*Exercise aim*. Could you please reproduce every record below exactly, leaving out the pictures?

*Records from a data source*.
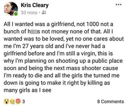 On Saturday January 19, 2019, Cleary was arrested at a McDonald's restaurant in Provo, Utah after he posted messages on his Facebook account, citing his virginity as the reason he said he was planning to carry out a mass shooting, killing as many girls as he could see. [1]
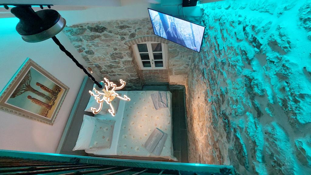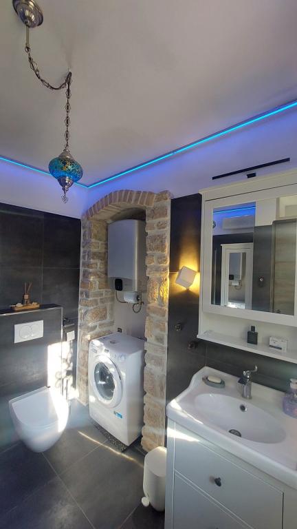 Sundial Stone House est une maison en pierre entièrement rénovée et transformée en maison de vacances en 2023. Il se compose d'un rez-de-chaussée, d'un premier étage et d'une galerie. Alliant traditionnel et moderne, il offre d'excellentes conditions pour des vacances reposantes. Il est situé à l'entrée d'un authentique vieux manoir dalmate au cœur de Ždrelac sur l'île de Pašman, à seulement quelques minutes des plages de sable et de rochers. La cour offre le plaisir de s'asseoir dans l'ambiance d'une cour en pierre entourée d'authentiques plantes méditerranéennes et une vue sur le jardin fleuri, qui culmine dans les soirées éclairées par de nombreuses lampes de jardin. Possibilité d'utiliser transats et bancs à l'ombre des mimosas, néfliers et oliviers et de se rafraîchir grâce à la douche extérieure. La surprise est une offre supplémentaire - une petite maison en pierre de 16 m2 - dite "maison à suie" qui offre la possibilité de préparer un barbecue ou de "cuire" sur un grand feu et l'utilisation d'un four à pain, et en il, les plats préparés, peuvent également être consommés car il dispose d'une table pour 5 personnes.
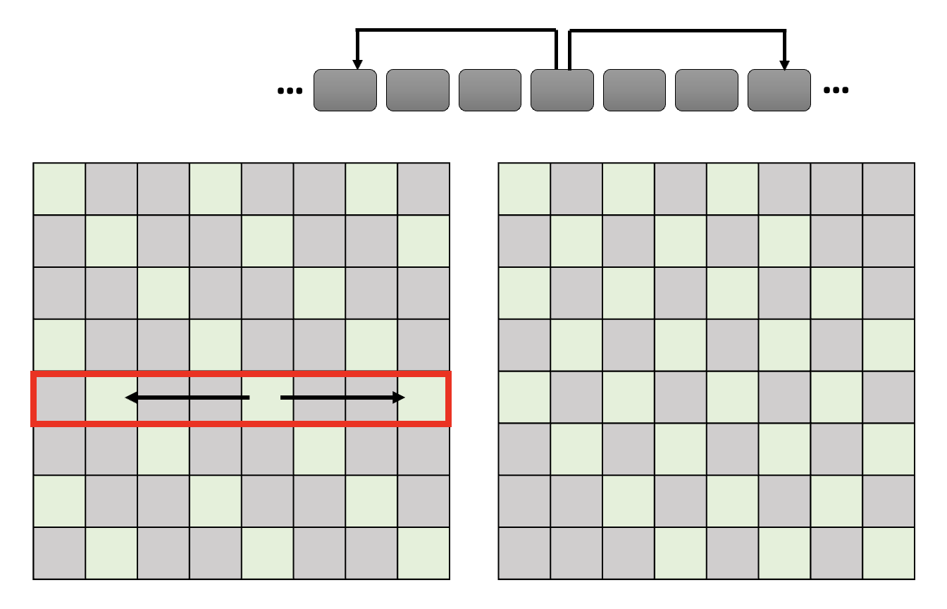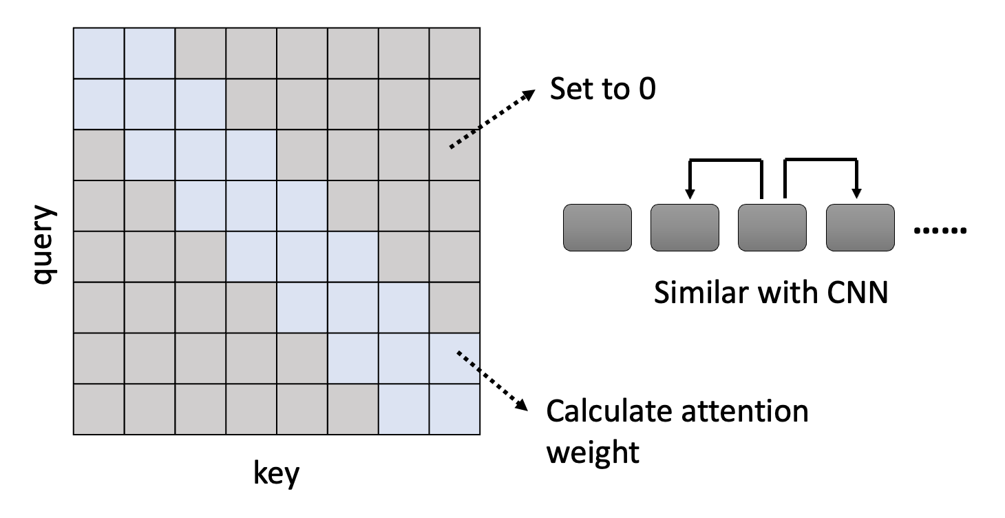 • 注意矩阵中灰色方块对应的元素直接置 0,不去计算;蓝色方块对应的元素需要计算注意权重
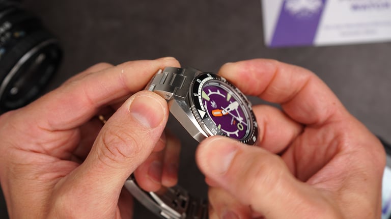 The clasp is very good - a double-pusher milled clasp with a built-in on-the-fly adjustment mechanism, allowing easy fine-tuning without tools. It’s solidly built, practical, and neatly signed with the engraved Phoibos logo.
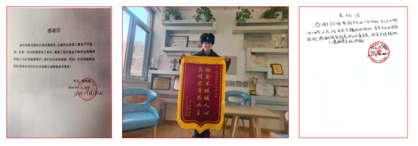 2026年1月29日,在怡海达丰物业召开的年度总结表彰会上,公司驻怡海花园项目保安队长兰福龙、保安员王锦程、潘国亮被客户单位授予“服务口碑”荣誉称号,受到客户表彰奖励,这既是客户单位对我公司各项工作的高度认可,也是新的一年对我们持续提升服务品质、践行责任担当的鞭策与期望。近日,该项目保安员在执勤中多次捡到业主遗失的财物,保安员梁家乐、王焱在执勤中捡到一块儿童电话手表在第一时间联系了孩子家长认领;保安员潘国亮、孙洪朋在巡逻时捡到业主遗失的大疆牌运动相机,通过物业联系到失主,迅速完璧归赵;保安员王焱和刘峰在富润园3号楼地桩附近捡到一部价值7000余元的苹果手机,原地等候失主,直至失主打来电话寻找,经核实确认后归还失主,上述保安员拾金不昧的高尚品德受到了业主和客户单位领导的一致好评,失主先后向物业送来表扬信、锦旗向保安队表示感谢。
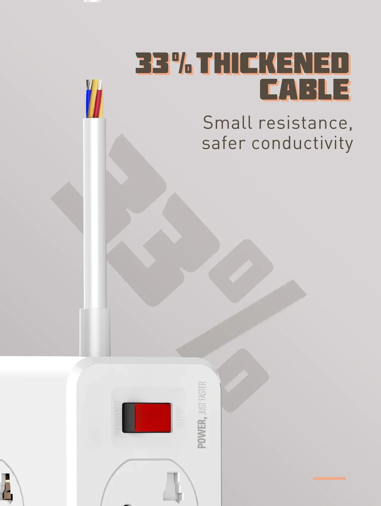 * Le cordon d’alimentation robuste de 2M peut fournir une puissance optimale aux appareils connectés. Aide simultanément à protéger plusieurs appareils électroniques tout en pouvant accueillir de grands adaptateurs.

*Result*.
 On Saturday January 19, 2019, Cleary was arrested at a McDonald's restaurant in Provo, Utah after he posted messages on his Facebook account, citing his virginity as the reason he said he was planning to carry out a mass shooting, killing as many girls as he could see. [1]
 Sundial Stone House est une maison en pierre entièrement rénovée et transformée en maison de vacances en 2023. Il se compose d'un rez-de-chaussée, d'un premier étage et d'une galerie. Alliant traditionnel et moderne, il offre d'excellentes conditions pour des vacances reposantes. Il est situé à l'entrée d'un authentique vieux manoir dalmate au cœur de Ždrelac sur l'île de Pašman, à seulement quelques minutes des plages de sable et de rochers. La cour offre le plaisir de s'asseoir dans l'ambiance d'une cour en pierre entourée d'authentiques plantes méditerranéennes et une vue sur le jardin fleuri, qui culmine dans les soirées éclairées par de nombreuses lampes de jardin. Possibilité d'utiliser transats et bancs à l'ombre des mimosas, néfliers et oliviers et de se rafraîchir grâce à la douche extérieure. La surprise est une offre supplémentaire - une petite maison en pierre de 16 m2 - dite "maison à suie" qui offre la possibilité de préparer un barbecue ou de "cuire" sur un grand feu et l'utilisation d'un four à pain, et en il, les plats préparés, peuvent également être consommés car il dispose d'une table pour 5 personnes.
 • 注意矩阵中灰色方块对应的元素直接置 0,不去计算;蓝色方块对应的元素需要计算注意权重
 The clasp is very good - a double-pusher milled clasp with a built-in on-the-fly adjustment mechanism, allowing easy fine-tuning without tools. It’s solidly built, practical, and neatly signed with the engraved Phoibos logo.
 2026年1月29日,在怡海达丰物业召开的年度总结表彰会上,公司驻怡海花园项目保安队长兰福龙、保安员王锦程、潘国亮被客户单位授予“服务口碑”荣誉称号,受到客户表彰奖励,这既是客户单位对我公司各项工作的高度认可,也是新的一年对我们持续提升服务品质、践行责任担当的鞭策与期望。近日,该项目保安员在执勤中多次捡到业主遗失的财物,保安员梁家乐、王焱在执勤中捡到一块儿童电话手表在第一时间联系了孩子家长认领;保安员潘国亮、孙洪朋在巡逻时捡到业主遗失的大疆牌运动相机,通过物业联系到失主,迅速完璧归赵;保安员王焱和刘峰在富润园3号楼地桩附近捡到一部价值7000余元的苹果手机,原地等候失主,直至失主打来电话寻找,经核实确认后归还失主,上述保安员拾金不昧的高尚品德受到了业主和客户单位领导的一致好评,失主先后向物业送来表扬信、锦旗向保安队表示感谢。
 * Le cordon d’alimentation robuste de 2M peut fournir une puissance optimale aux appareils connectés. Aide simultanément à protéger plusieurs appareils électroniques tout en pouvant accueillir de grands adaptateurs.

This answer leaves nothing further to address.